Double stranded RNA sensing is silenced during early embryonic development.

The type I interferon response is inactive during early mammalian development and becomes functional only after gastrulation. As a result, the totipotent and pluripotent embryonic stages remain susceptible to pathogens, including viruses. Here, we demonstrate that pluripotent mouse embryonic stem cells suppress the RIG-I-like receptor sensing pathway by silencing the expression of the double stranded RNA sensor MDA5. This silencing is necessary to avoid the recognition of double stranded RNAs of endogenous origin, which accumulate in mouse embryonic stem cells.
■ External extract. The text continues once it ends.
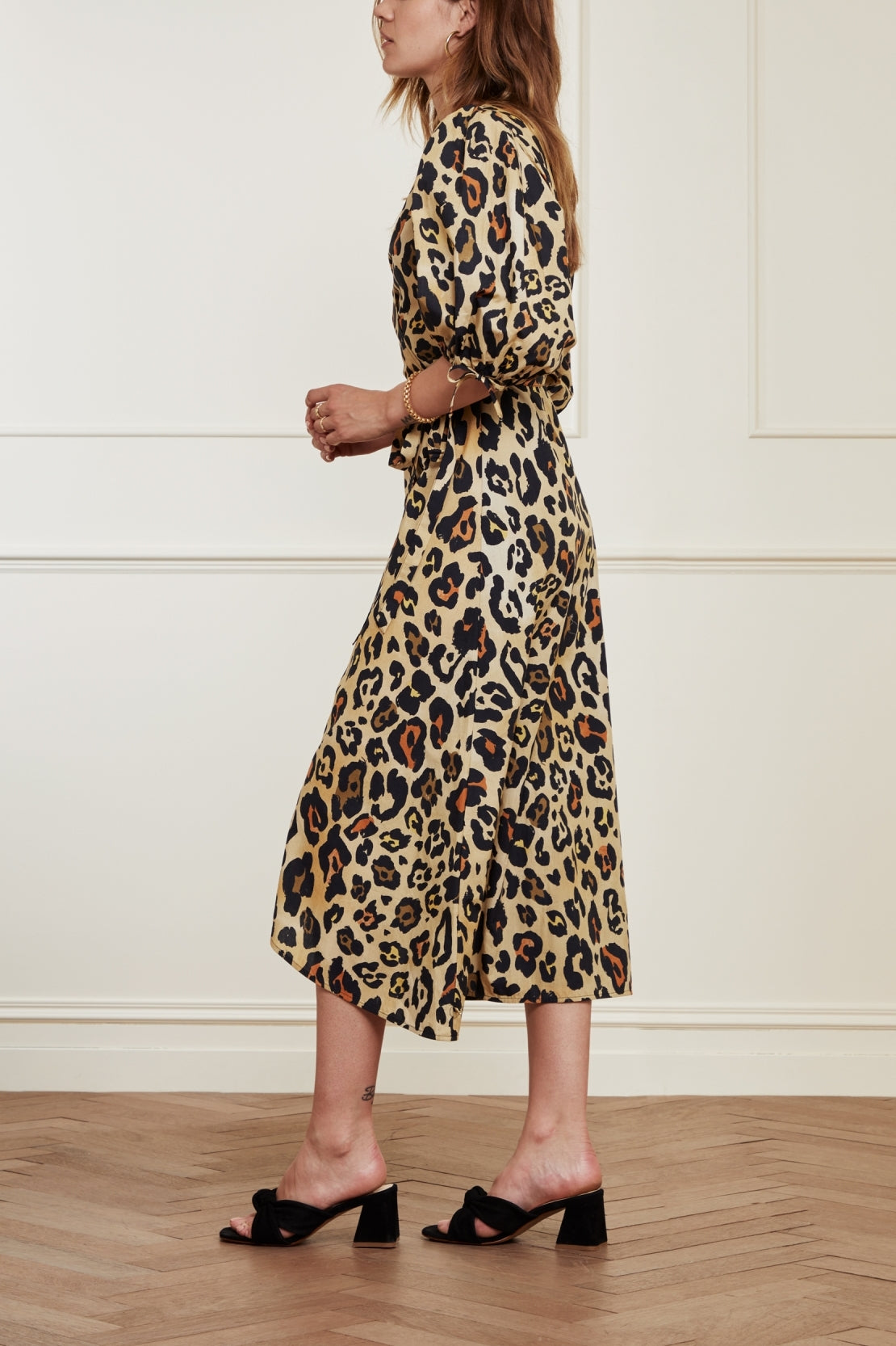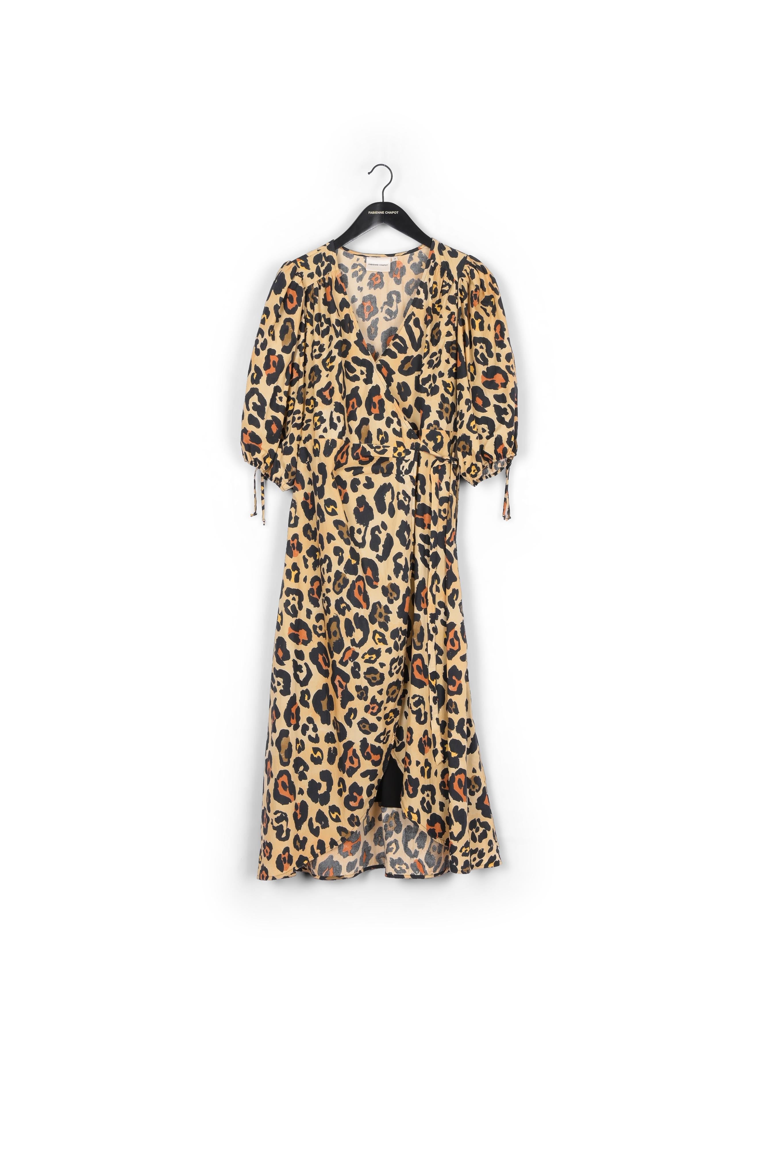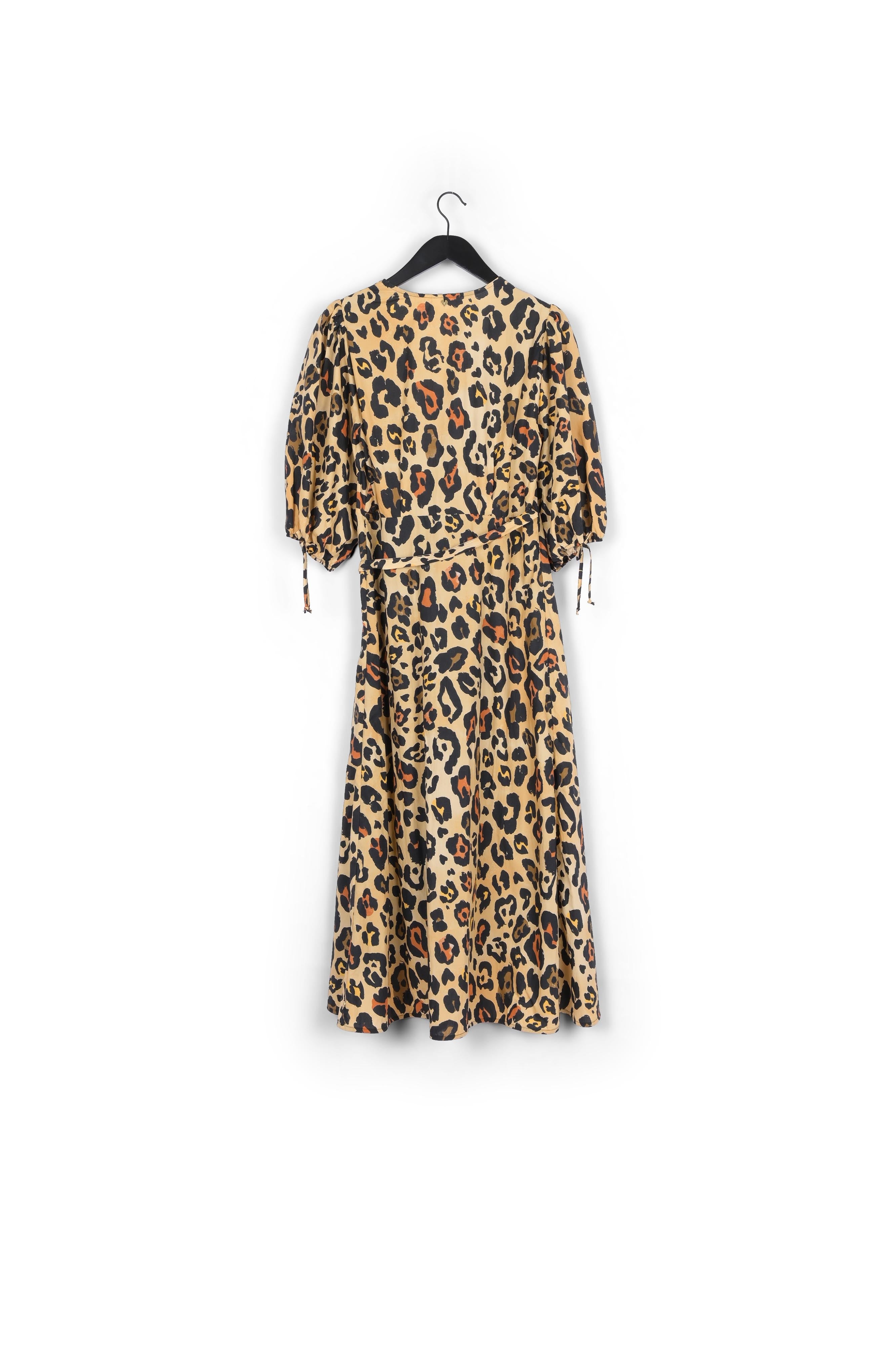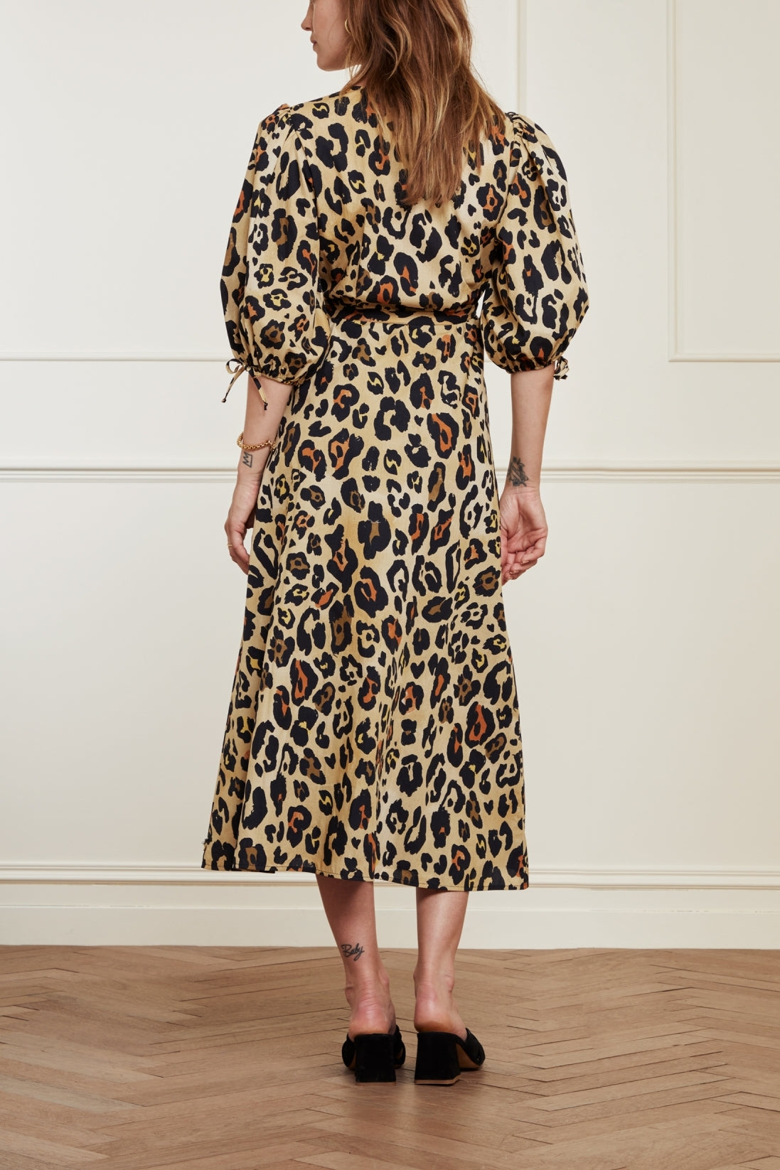Midi wrap dress with short balloon sleeves, V-neckline and openwork details.

Reintroducing MDA5 results in recognition of these endogenous double stranded RNAs and triggers the activation of the IFN response through IRF3. The production of interferon alters the differentiation ability of mouse embryonic stem cells, and affects the pluripotency gene expression programme, as shown by epigenetic, transcriptomic and proteomic analyses. Further, we show that zebrafish also repress MDA5 expression in early development and lack early-stage interferon activation, and that inducing double-stranded RNA-mediated signalling at this stage results in developmental defects. Altogether, we conclude that silencing the RIG-I-like receptor pathway during early development is important in preventing aberrant immune recognition of endogenous double stranded RNAs, safeguarding normal development.